Cela explique pourquoi certains Français ont soupçonné, ou espéré, que DSK aurait eu au Sofitel un comportement "inadéquat" peut-être, mais… pas celui décrit dans la plainte.

Cela explique aussi pourquoi certains Français soupçonnaient un DSK "trop faible" pour se contrôler, d'être tombé dans un piège, réagissant à quelque comportement d'un agent provocateur stipendié par des ennemis politiques… après tout, ce genre de choses existe.

Mais d'autres Français, dont des leaders politiques, se sont souciés dès le départ de "cette jeune femme et des femmes en général".

Et tous les Français reconnaissent qu'une tentative de viol n'a rien à voir avec la séduction ou le libertinage.


Alors maintenant, on va se demander : comment cela est-il possible ?

Comment le favori de la présidentielle aurait-il pu se comporter de cette façon criminelle (si c'est le cas) ?

Selon les psychiatres, de tels comportements ne surviennent guère de façon isolée, comme "coups de folie", ce sont plutôt des habitudes qui s'ancrent grâce à un sentiment d'impunité. Et ces comportements sont le fait de personnes du "haut" comme du "bas" de la pyramide sociale.

Que l'on arrête un client d'hôtel accusé de tentative de viol, n'est hélas pas exceptionnel. Ce qui est exceptionnel, c'est qu'une personne susceptible d'avoir ce comportement criminel soit le candidat préféré d'un grand parti de pouvoir, et le favori des sondages.

Alors la question qui émerge devient : qui crée cette bulle d'impunité autour de personnes de pouvoir ? Comment fonctionne ce système ?

On parlera du rôle des communicants, de celui des journalistes.
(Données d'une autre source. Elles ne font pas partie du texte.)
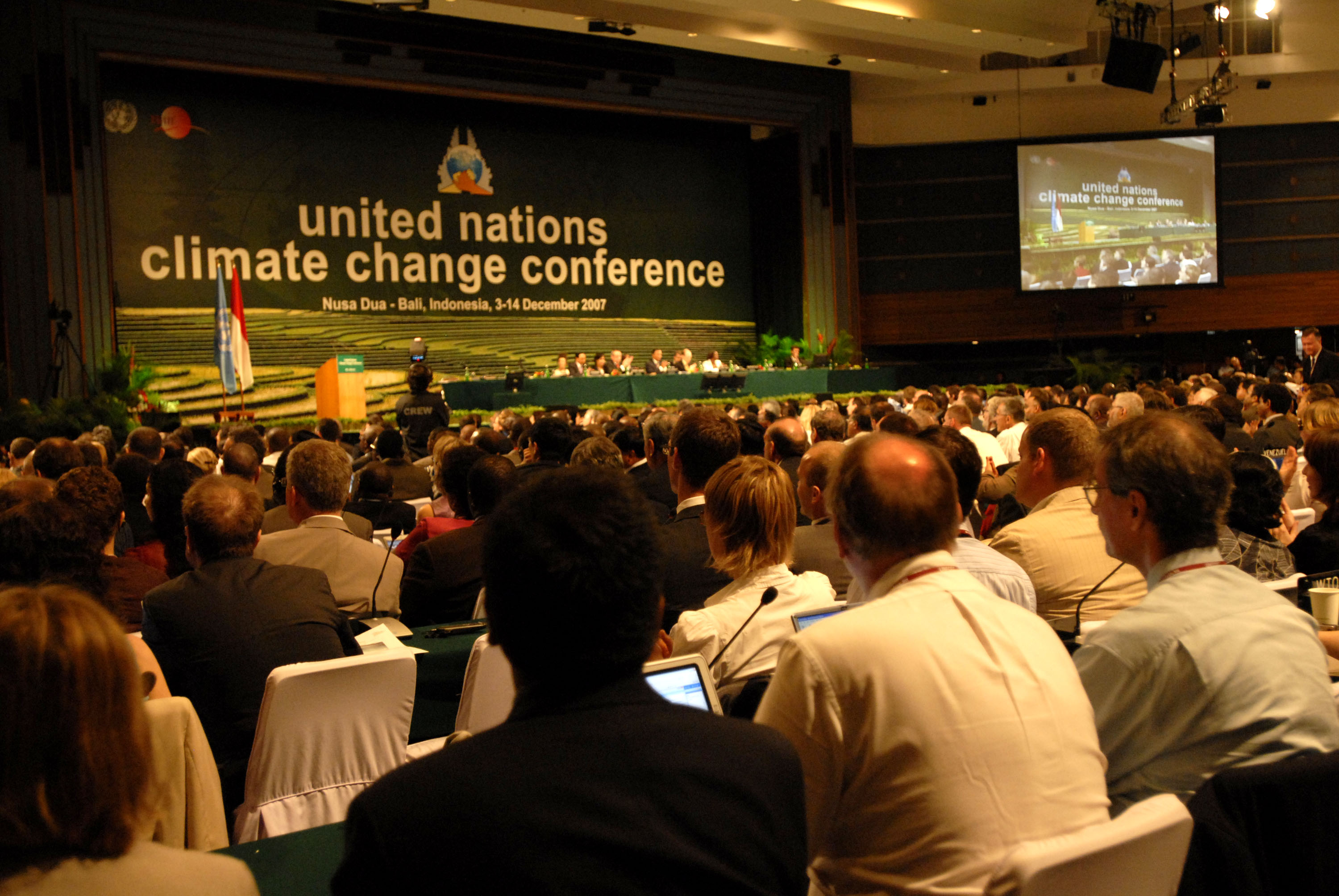 The United Nations Climate Change Conference opened on December 3, 2007, in Bali Indonesia. Oxfam is there to make sure that poor people's interests are at the heart of of the negoations that will take place at the conference. Photo Ng Swan Ti/Oxfam
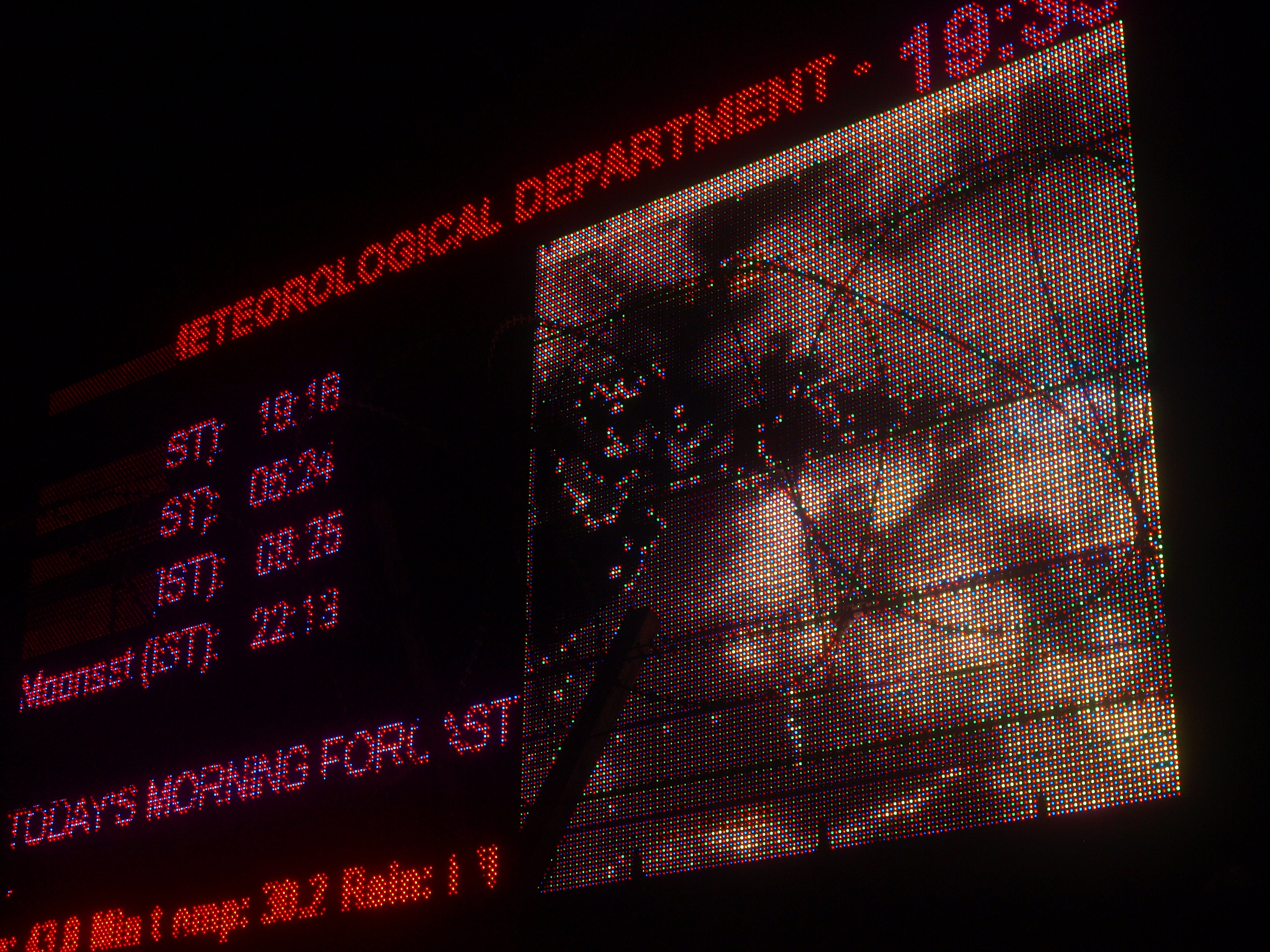 New Delhi Met Office, India

Mais il faut sonder plus loin. Les communicants produisent ce que la société est prête à consommer.

Il s'agit du pouvoir en France ; il s'agit plus précisément, de la relation entre la société française et le pouvoir.

Mon boulot, c’est d’inspirer aux gens (le désir) de prendre possession de ce pays. La politique, ce n’est pas un business. C’est une mission. Barack Obama

Notes

[1] L'épisode raconté par Tristane Banon, qui n'a pas porté plainte mais n'a pas non plus été accusée de diffamation, va au-delà d'un comportement allusif ; il a donné l'occasion à diverses personnes de s'exprimer à ce sujet.